Using the ARIMA model, we forecast a decline in ASDR across all groups from 2022 to 2030, with rates for males, females, and combined sexes expected to decrease to 15.31, 6.06, and 10.70, respectively, by 2030. This represents a 33.33% decrease for both sexes compared to 2021.

However, the study has limitations. It cannot fully account for discrepancies in health data across different Asian countries. It is also subject to ecological fallacy and constraints inherent in the age-period-cohort model: the linear dependency among age, period, and cohort (Cohort = Period - Age) prevents unique estimation of their independent effects. Methods like the IE impose implicit constraints that are hard to verify. If true effects do not meet these constraints, estimates become biased. IE’s constraints also depend on the number of age, period, and cohort categories, leading to inconsistent results. Without prior theoretical justification, age-period-cohort models risk producing misleading conclusions, as estimates are sensitive to arbitrary constraints and data structures.38 In addition, because the data are from GBD 2021, it has methodological limitations. The lack of data in many countries limits the accurate estimation of CO poisoning mortality, resulting in the reliance on covariates and regional data, which may produce bias. In the absence of a detailed autopsy or evidence, underreporting or overstatement of deaths remains a concern, especially in areas with weak vital registration systems.33 Future research should address data limitations by improving data collection, enhancing vital registration systems, and standardizing ICD coding across countries. For age-period-cohort model ecological fallacies, developing methods that incorporate external theoretical information or alternative constraints could mitigate bias. Additionally, exploring hybrid models that combine age-period-cohort frameworks with machine learning techniques may improve estimation accuracy.

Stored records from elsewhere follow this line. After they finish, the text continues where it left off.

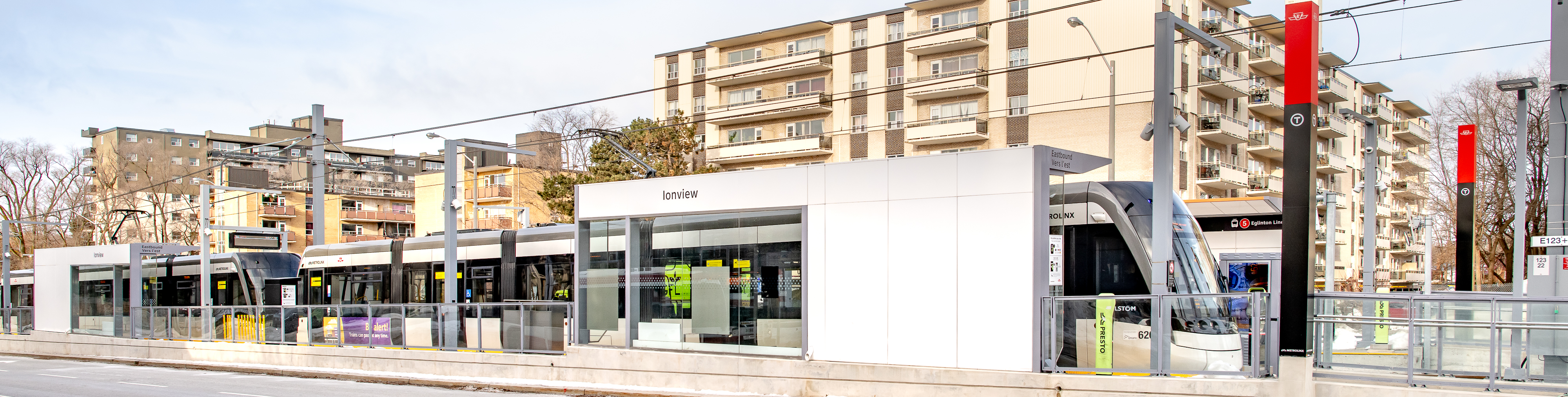 - Sloping walkway to Eglinton Avenue crosswalk, located at the east end of the LRT Platform, beyond the last car of the train.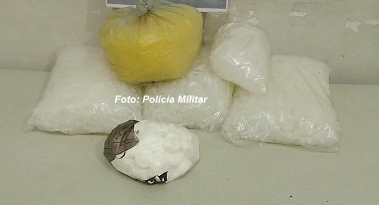 No interior da casa foi encontrado um saco grande na cor branca e em seu interior continha aproximadamente 1kg de cocaína e os pinos vazios.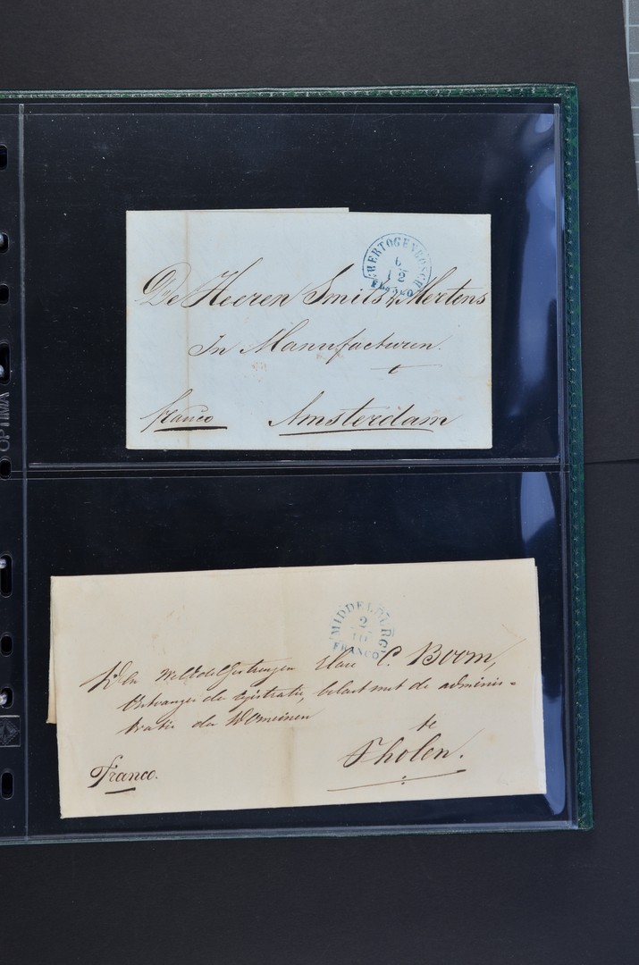POSTHISTORIE, ca. 45 poststukken zonder postzegels, afgestempeld met halfrond-francostempels typen A, B en C in zwart of blauw, in Leuchtturm ringband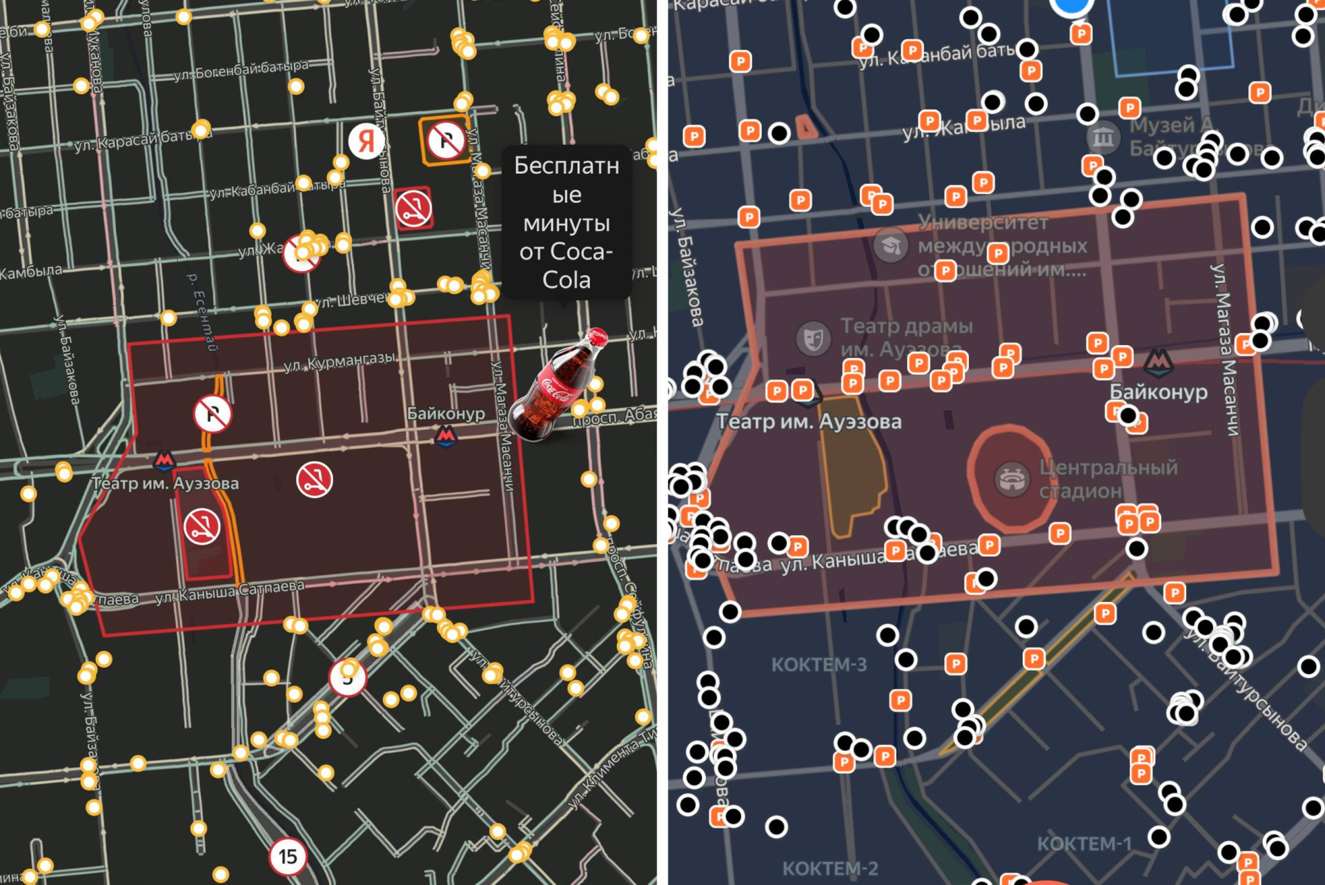 Согласно картам сразу нескольких сервисов проката самокатов, движение заблокировано в квадрате вокруг стадиона:

Researchers should also focus on capturing within-country variations and risk factors to better reflect real-world complexities. Collaborative efforts to share high-quality, detailed data globally are essential to overcome these challenges and provide more reliable insights into age, period, and cohort effects.

Conclusion

This study thoroughly examines the epidemiological trends and determinants of CO poisoning in Asia from 1990 to 2021. In 2021, Asia’s ASMR for this poisoning surpassed the global average, emphasizing the necessity for focused public health actions. Our findings indicate a general decline in CO poisoning rates from 1990 to 2021, reflecting the effectiveness of comprehensive public health interventions. Governments have mitigated the risk of CO exposure by promoting clean energy alternatives to traditional high-emission fuels. Concurrently, public education campaigns have raised awareness about CO concentration monitoring alarms and safety precautions against poisoning. Advances in medical treatment, including the widespread use of hyperbaric oxygen therapy, have significantly improved the survival rates and outcomes for poisoning patients. However, notable regional differences in the burden remain, with higher rates observed in countries with colder, longer winters, underscoring the need for region-specific strategies. The study also reveals a higher burden among males, likely due to greater exposure risks and biological factors, such as the protective effect of estrogen in females. Moreover, the incidence is elevated in both younger and older age groups, highlighting the necessity for targeted educational initiatives and safety measures. Although no significant link was identified between the SDI and the burden of CO poisoning, countries with a lower SDI showed higher ASMR, suggesting economic factors like occupational exposure play a role. The narrowing gap between actual and optimal burden levels based on SDI suggests improvements in public health policies. Finally, the ARIMA model predicts a continued decline in CO poisoning burden in Asia by 2030, offering optimism for future public health outcomes.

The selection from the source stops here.